Over the last few years Christmas adverts have become big business – with the likes of Sainsburys, Boots, Sky and Google all getting in on the act. The sums of money each company spends on them is enough to make most marketing teams salivate.
It’s around this time of year that brands release the projects they’ve probably been working on since last Christmas, hoping, if nothing else, to get the most amount of hits on YouTube. The most popular adverts of 2013, based on the amount of times they were shared, had John Lewis out front by a country mile.
Five most shared adverts of 2014 (figures from Unruly):
- John Lewis: 1,166,952
- Wieden & Kennedy: 107,210
- Marks & Spencer: 52,716
- Baileys: 51,770
- Harvey Nichols: 29,694
In the age of social media, it seems much of the Christmas advert effort is about who can get the most brand presence – rather than plugging any kind of special seasonal promotion.
Take a look at advert expert John Lewis and its 2014 offering. The retailer’s adverts have always erred on the side of being a tear-jerker, and this year is no different. Using the story of a young boy and his pet penguin (using a little CGI) the advert charts the experiences they share in the run-up to Christmas.

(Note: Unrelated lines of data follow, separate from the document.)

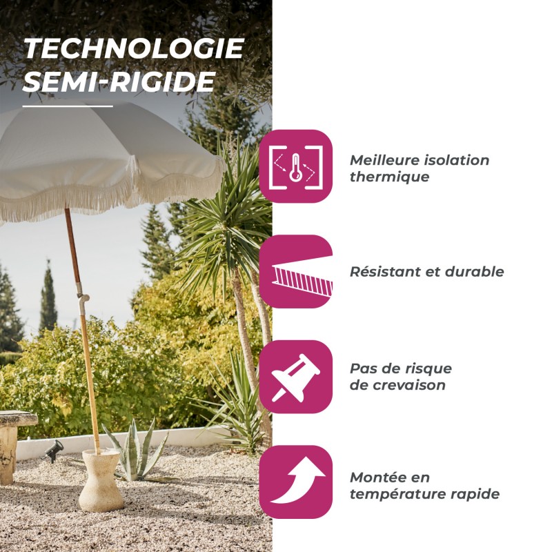 Liner intérieur et extérieur : l'intérieur en PVC perlé avec tapis isolant intégré; l'extérieur en PVC tressé.
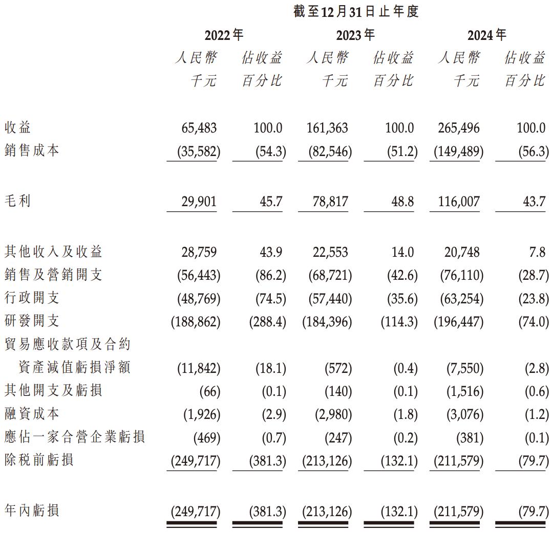 收入上涨的同时,驭势科技的毛利率也处于较高水平,2022年、2023年及2024年分别为45.7%、48.8%、43.7%。
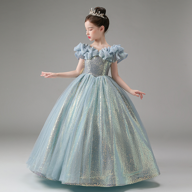 儿童公主裙高端一字肩女童晚礼服生日小女孩钢琴演出服主持人走秀
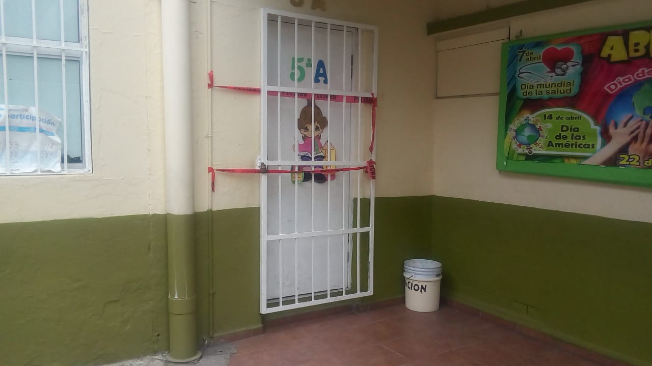 "En efecto, se tuvieron que clausurar tres aulas de grupos, dónde están los grupos de: primero, segundo y quinto grado...el aula de tecnología educativa. Vino una persona a iniciar el peritaje porque si ustedes observan y ven la situación del inmueble, más que los techos es la infraestructura del mismo: pilares, las bases de la institución que contando con 70 años al servicio de la comunidad ya está dando la caducidad que tiene"

Towards the end, the soundtrack (voiced by Tom Odell and written by John Lennon) swells and mirrors the sadness being felt by the penguin as he longs for a partner. Cue Christmas day and a gift from the young boy of a penguin mate, now in the form of soft toys and an end message of “give someone the Christmas they’ve been dreaming of”.
Now, unless John Lewis has a new range of cuddly penguins it’s particularly proud of, then the advert does little to inform on what John Lewis is offering this Christmas. But does that actually matter? The fervour that surrounds the launch of Christmas adverts, far and beyond that which came with traditional festive powerhouse Coca-Cola and its “Holidays are coming” theme, seem to be more than enough to justify the financial outlay. Already #montythepenguin and #johnlewis are trending on Twitter – job done really.

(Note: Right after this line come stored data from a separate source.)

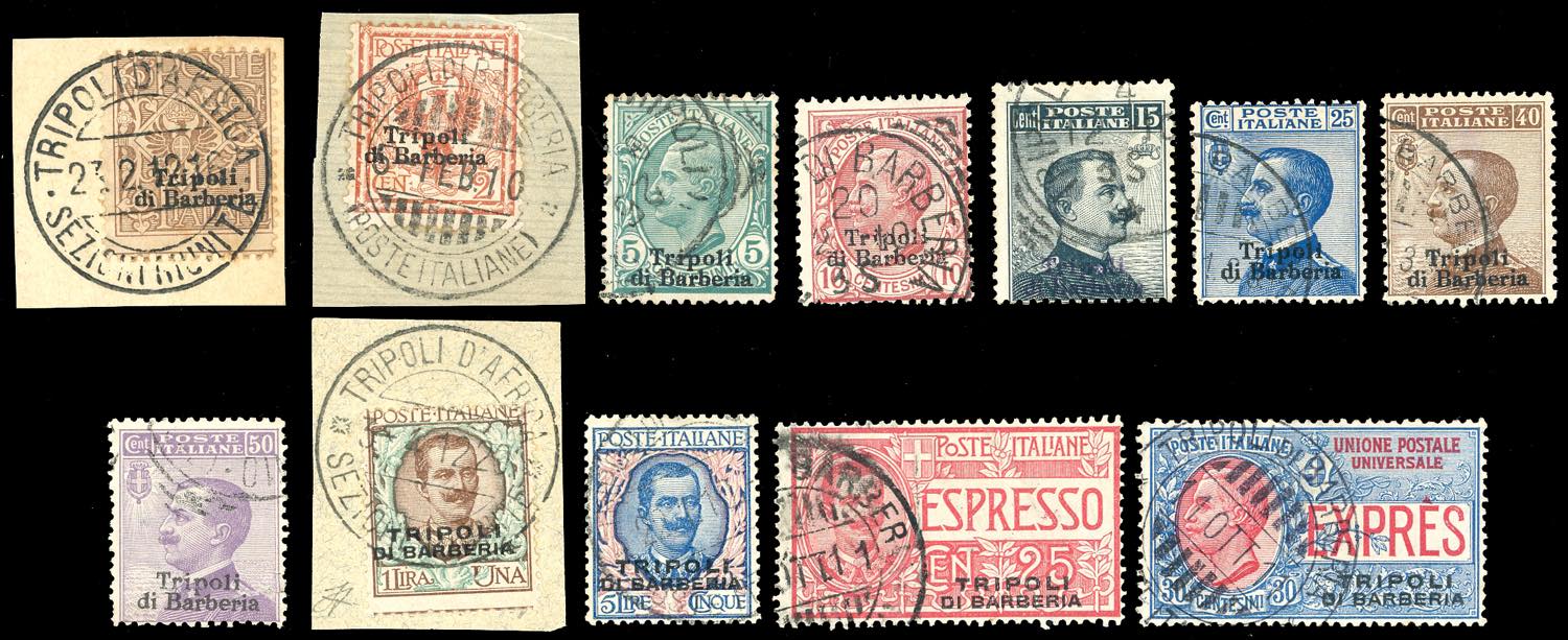TRIPOLI DI BARBERIA 1909 - Soprastampati, serie completa (1/10), usati, con annulli originali, perfetti ad eccezione dei valori da 2 cent., ... Leggi tutto
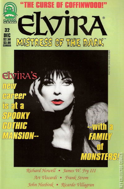 Elvira's new job puts her in the position of nanny to a murderous child of a rich family. Can she fend off his evil attentions while finding the connection between him and a classic horror soap opera from the sixties? "The Curse of Coffinwood!" is by Richard Howell, James W. Fry III and Art Viscardi. Plus, "The Perils of Elvira" Part One, by Frank Strom, John Heebink and Ricardo Villagran.
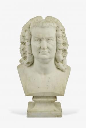 Portrait de Jean-Sebastien Bach, marbre blanc sculpté sur piédou...
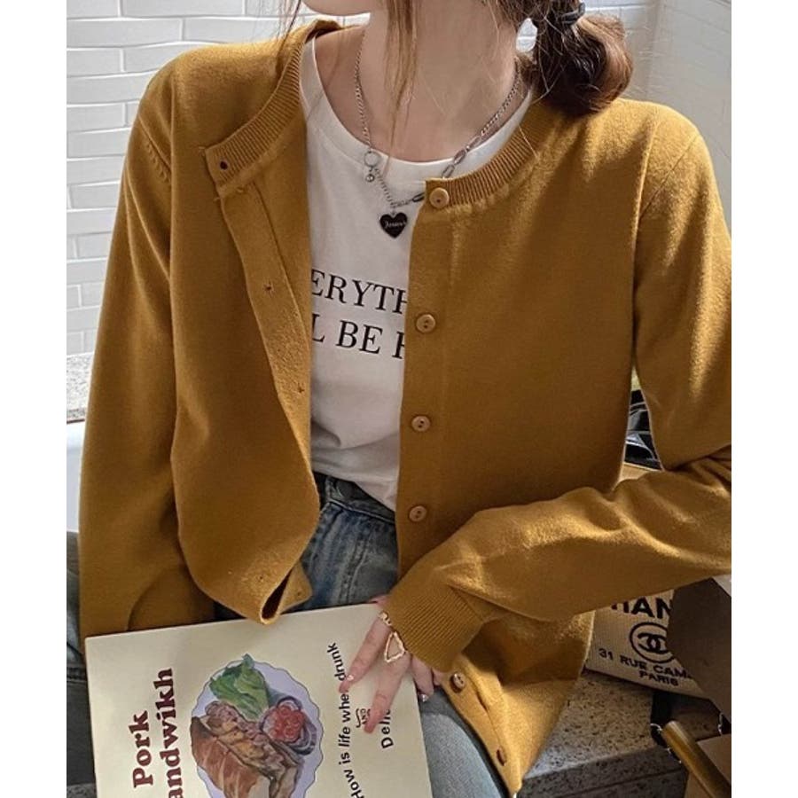 冬に使えるシンプルながらもトレンド感もあるクルーネックカーディガン トップス 羽…

Earlier today Real Business analysed some research, received exclusively early, looking at how finance directors are still unconvinced by marketing spend. Featured in the piece were comments from SkyBet CMO Ian Procter who said that, despite the tension that arises from TV ad and generic brand spending, as long as the business is performing better than the industry benchmark then it will be deemed an effective outlay on marketing.
The problem for SMEs comes with how to replicate this kind of cult marketing in a more affordable way. Most SMEs can’t afford a prime advertising slot during Saturday night’s latest X Factor instalment. So while you dream up your latest marketing push, head on over to YouTube for a little light entertainment – after all that’s what they’re made for.